Komplikasi striktur uretra yang ringan sangat rendah, sehingga pilihan terapi yang dapat
diberikan ialah dengan dilatasi uretra atau uretrotomi interna yang dilihat langsung. Pada pasien
tertentu dengan striktura pendek, maka uretrotomi interna yang dilakukan dengan peralatan
pemotong kecil, telah memberikan hasil yang memuaskan. Bila diperlukan dilatasi secara sering,
bila ada striktura panjang atau majemuk, bila dilatasi terlalu sulit atau bila striktura terdapat pada
anak, maka intervensi bedah terbuka dapat menjadi indikasi.

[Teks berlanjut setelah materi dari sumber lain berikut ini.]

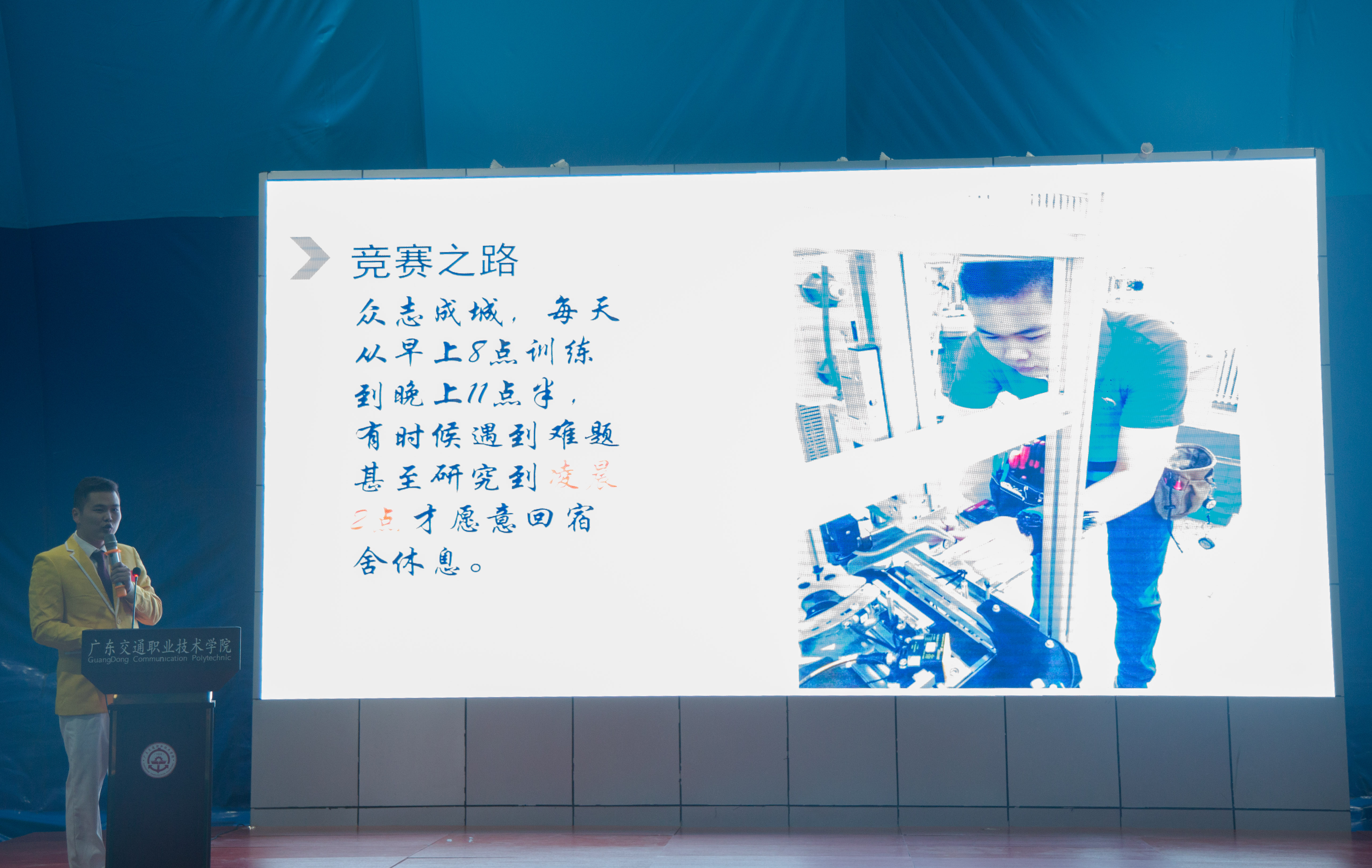 “坚持不一定胜利 ,放弃一定失败”,“障碍与失败,是通往成功最稳靠的踏脚石,肯研究利用它们,便能从失败中培养出成功”,“细节决定成败”。报告会上,全国青年岗位能手,第44届世界技能大赛机电一体化项目冠军、广东省岭南工商第一技师学院教师、黄金搭档叶子进和邓燚祯分享了他们在2016年比赛失利后,以坚定的信念和顽强的毅力,克服种种困难,最终在2017年世界技能大赛上夺冠的经历。

Beberapa pilihan terapi yang dapat dilakukan antara lain:


1. Dilatasi, balon kateter atau dialtor (plastik atau metal) dimasukkan ke dalam uretra untuk
membuka daerah yang menyempit.
2. Obturation, benda yang kecil, elastis, pipa plastik dimasukkan dan diposisikan pada
daerah striktur.
3. Uretrotomi (Endoscopic internal urethrotomy or incision), teknik bedah dengan derajat
invasif yang minim, dimana dilakukan tindakan insisi pada jaringan radang untuk
membuka striktur. Tindakan ini dikerjakan dengan menggunakan kamera fiberoptik
dibawah pengaruh anastesi.
4. Uretroplasti atau rekonstruksi uretra terbuka, ada dua jenis uretroplasti yaitu uretroplasti
anastomosis (daerah yang menyempit dibedah lalu uretra diperbaiki dengan mencangkok
jaringan atau flap dari jaringan di sekitarnya) & uretroplasti subsitusi (mencangkok
jaringan striktur yang dibedah dengan jaringan mukosa bibir/ Buccal Mucosa Graft,
jaringan kelamin, atau jaringan preputium/ Vascularized preputial or genital skin flaps).
5. Prosedur rekonstruksi multipel (perineal urethrostomy), tindakan bedah dengan membuat
saluran uretra di perineum (ruang antara anus dan skrotum).
Penggunaan antibiotik diindikasikan pada pasien yang memiliki infeksi saluran kemih.
Antibiotik yang diberikan disesuaikan dengan hasil tes kepekaan. Jika hasil tes kepekaan steril,
maka antibiotik dapat diindikasikan atas profilaksis seperti ampisilin atau sefalosporin generasi
ke I atau aminoglikosida (gentamisin, ibramisin).
II. 9 KOMPLIKASI
Striktur uretra menyebabkan retensi urin di dalam kantung kemih. Penumpukan urin
dalam kantung kemih beresiko tinggi untuk terjadinya infeksi, yang dapat menyebab ke kantung
kemih, prostat, dan ginjal. Abses di atas lokasi striktur juga dapat terjadi, sehingga menyebabkan
kerusakan uretra dan jaringan di bawahnya.
Selain itu, resiko terjadinya batu kandung kemih juga meningkat, timbul gejala sulit
ejakulasi, fistula uretrokutaneus (hubungan abnormal antara uretra dengan kulit), dan gagal
ginjal (jarang)

BAB III
PENUTUP

Kesimpulan
Striktur uretra adalah penyempitan lumen uretra akibat adanya jaringan parut dan
kontraksi. Penyakit ini lebih banyak terjadi pada pria daripada wanita karena adanya perbedaan
panjang uretra. Uretra pria dewasa berkisar antara 23-25 cm, sedangkan uretra wanita sekitar 3-5
cm. Karena itulah uretra pria lebih rentan terserang infeksi atau terkena trauma dibanding
wanita.
. Letak Striktur Uretra dan Penyebabnya
Letak Uretra
Pars membranasea

Penyebab
Trauma panggul, kateterisasi salah Jalan.

Pars bulbosa

Trauma/ cedera kangkang, uretritis.

Meatus

Balanitis, instrumentasi kasar.

Diagnosis striktur uretra dari hasil anamnesa dan pemeriksaan fisik. Diagnosis pasti
striktur uretra didapat dari pemeriksaan radiologi, tentukan lokasi dan panjang striktur serta
derajat penyempitan dari lumen uretra.